Cette combinaison renforce la gouvernance locale et favorise la démocratie tout en respectant le


principe de libre administration et en adhérant à la constitution.

B) – Des conséquences agréables

La Grande-Bretagne n'a pas connu de processus de décentralisation comparable à l'Espagne, l'Italie et la


France, car le Royaume-Uni est essentiellement un État unitaire. Cependant, l'Écosse, le Pays de Galles
et l'Irlande du Nord ont des degrés variables d'autonomie, notamment des pouvoirs législatifs délégués,
et ils ont vu des résultats positifs grâce à ces processus d'autonomie. La décentralisation en Espagne a
permis de reconnaître et de promouvoir les cultures et les langues régionales, telles que le catalan, le
basque et le galicien. Les communautés autonomes gèrent des domaines tels que l'éducation, la santé
et le développement économique, ce qui a permis une meilleure adaptation aux besoins locaux. Par
suite, les citoyens ont un rôle plus actif dans la prise de décisions locales, renforçant ainsi la participation
politique. En Italie, la décentralisation a contribué à la reconnaissance et à la préservation des identités
culturelles et linguistiques dans les régions italiennes qui sont à présent autonomes et ont la possibilité
de gérer leurs services publics locaux, ce qui a amélioré la qualité de ces services. Ainsi que certaines
régions ont profité de la décentralisation pour mettre en place des politiques de développement
économique spécifiques à leurs besoins.
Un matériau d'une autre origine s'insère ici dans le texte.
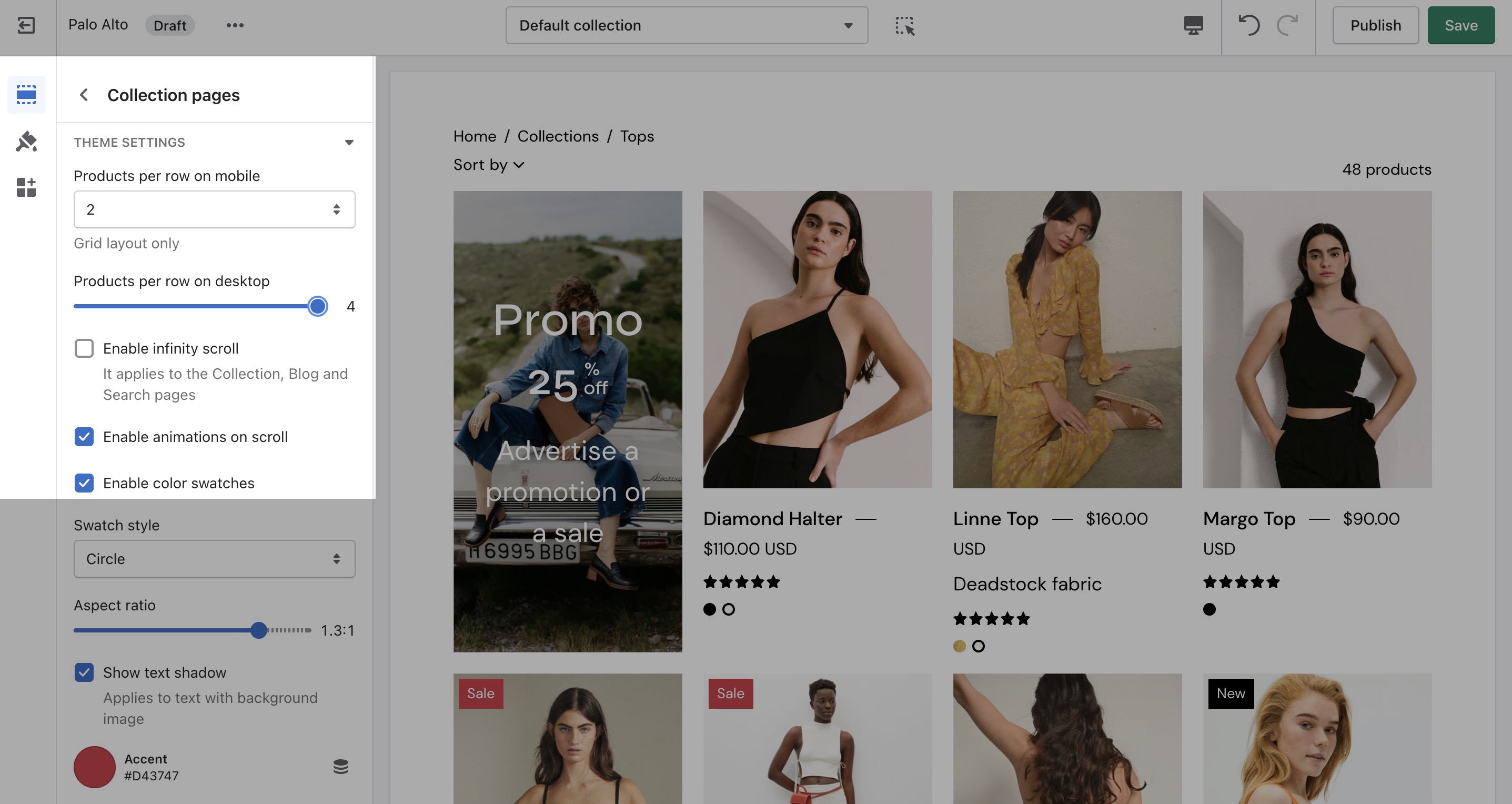 Use the Product Grid options to customize how many products per row are displayed on desktop and mobile.

Alors qu’en France, la décentralisation a permis aux citoyens
d'interagir plus directement avec leurs élus locaux et d'influencer les politiques locales ce qui a favorisé
une gestion plus efficace des services publics locaux, en permettant une adaptation aux besoins
spécifiques des régions, et une meilleure valorisation des différentes communautés en reconnaissant
leurs spécificités culturelles et économiques.
En conclusion, la décentralisation est une reforme indispensable pour améliorer et garantir un bon
fonctionnement de l’état, qui à son tour, s’assure de la légalité et constitutionnalité des décisions des
entités locales. Cette approche n’est d’aucune façon menaçante en ce qui concerne l’unité de l’état
puisqu’un changement de constitution est presque impossible.